» TO DO: Give back, word for word, only the lines from the opening of the records through the one with "- Dopasowany fason.". Pictures stay out.

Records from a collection
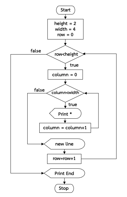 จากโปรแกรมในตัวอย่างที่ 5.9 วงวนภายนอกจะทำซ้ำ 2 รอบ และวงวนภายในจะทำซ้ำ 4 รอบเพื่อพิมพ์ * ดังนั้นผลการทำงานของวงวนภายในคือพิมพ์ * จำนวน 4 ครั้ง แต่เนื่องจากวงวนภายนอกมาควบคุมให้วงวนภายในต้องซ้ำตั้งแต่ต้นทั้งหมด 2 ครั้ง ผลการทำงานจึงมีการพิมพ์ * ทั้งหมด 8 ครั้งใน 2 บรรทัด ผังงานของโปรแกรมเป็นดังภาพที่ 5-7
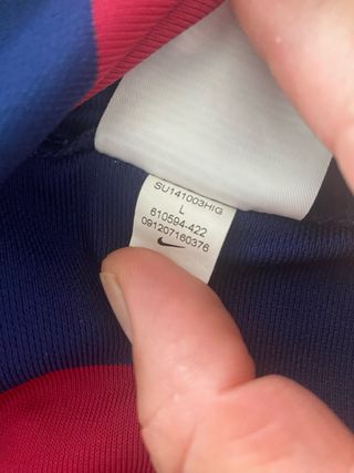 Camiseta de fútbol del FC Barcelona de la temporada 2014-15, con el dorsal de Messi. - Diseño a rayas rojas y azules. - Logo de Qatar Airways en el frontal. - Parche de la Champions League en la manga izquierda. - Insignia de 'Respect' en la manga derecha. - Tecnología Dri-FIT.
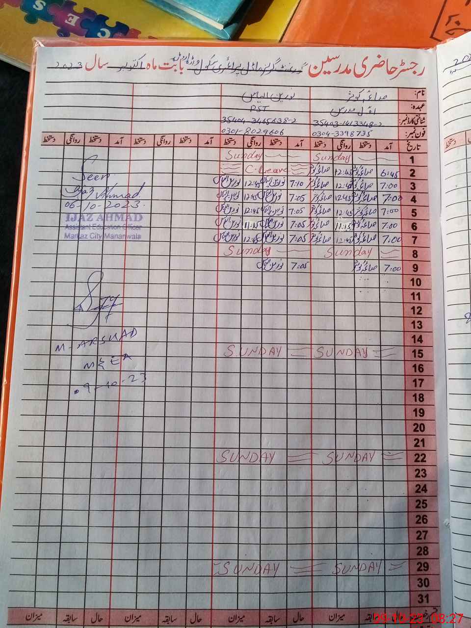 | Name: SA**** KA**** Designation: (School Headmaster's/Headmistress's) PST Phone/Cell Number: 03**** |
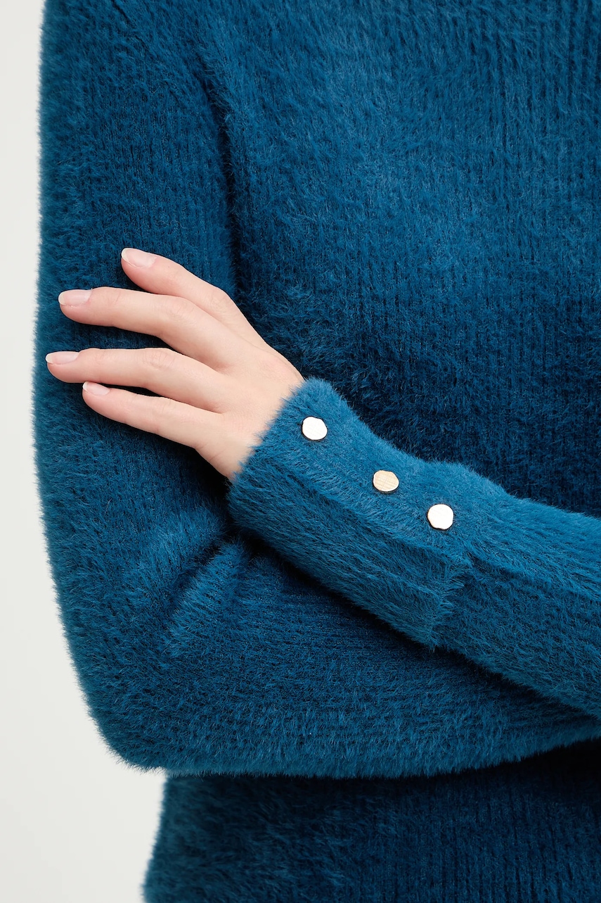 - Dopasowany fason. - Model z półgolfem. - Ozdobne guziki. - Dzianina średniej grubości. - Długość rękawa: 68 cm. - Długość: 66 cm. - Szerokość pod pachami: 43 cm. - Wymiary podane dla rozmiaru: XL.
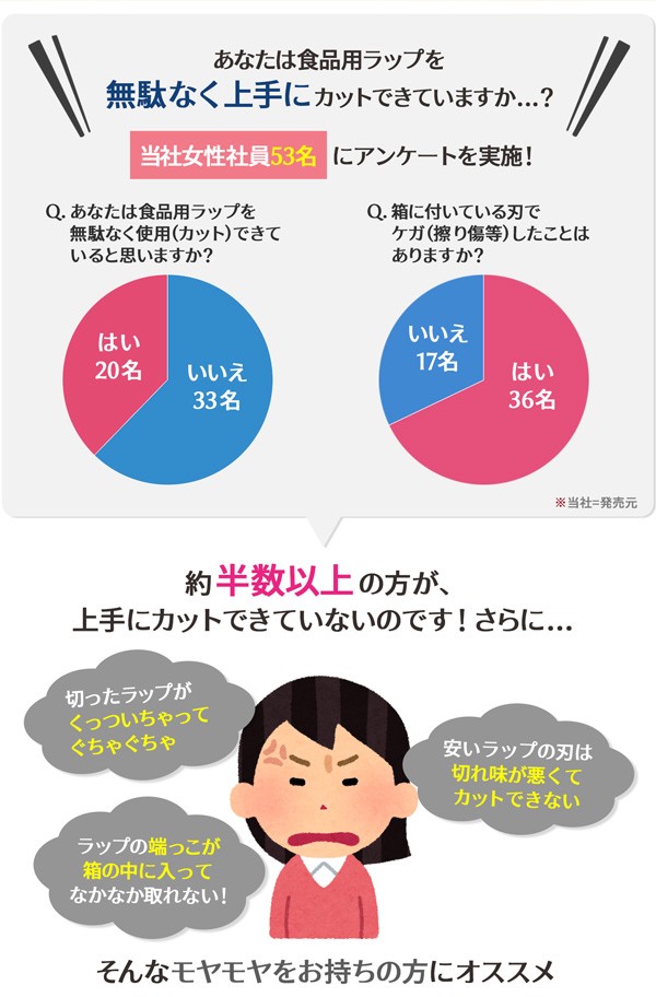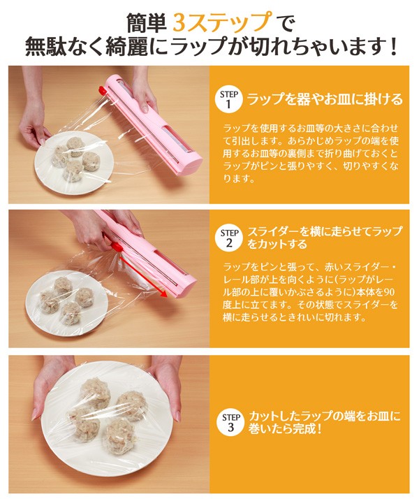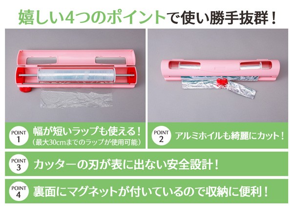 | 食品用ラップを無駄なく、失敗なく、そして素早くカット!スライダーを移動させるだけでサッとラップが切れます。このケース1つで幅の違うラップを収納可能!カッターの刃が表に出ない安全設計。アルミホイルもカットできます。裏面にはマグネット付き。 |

» FINISHED EXERCISE:
 จากโปรแกรมในตัวอย่างที่ 5.9 วงวนภายนอกจะทำซ้ำ 2 รอบ และวงวนภายในจะทำซ้ำ 4 รอบเพื่อพิมพ์ * ดังนั้นผลการทำงานของวงวนภายในคือพิมพ์ * จำนวน 4 ครั้ง แต่เนื่องจากวงวนภายนอกมาควบคุมให้วงวนภายในต้องซ้ำตั้งแต่ต้นทั้งหมด 2 ครั้ง ผลการทำงานจึงมีการพิมพ์ * ทั้งหมด 8 ครั้งใน 2 บรรทัด ผังงานของโปรแกรมเป็นดังภาพที่ 5-7
 Camiseta de fútbol del FC Barcelona de la temporada 2014-15, con el dorsal de Messi. - Diseño a rayas rojas y azules. - Logo de Qatar Airways en el frontal. - Parche de la Champions League en la manga izquierda. - Insignia de 'Respect' en la manga derecha. - Tecnología Dri-FIT.
 | Name: SA**** KA**** Designation: (School Headmaster's/Headmistress's) PST Phone/Cell Number: 03**** |
 - Dopasowany fason. - Model z półgolfem. - Ozdobne guziki. - Dzianina średniej grubości. - Długość rękawa: 68 cm. - Długość: 66 cm. - Szerokość pod pachami: 43 cm. - Wymiary podane dla rozmiaru: XL.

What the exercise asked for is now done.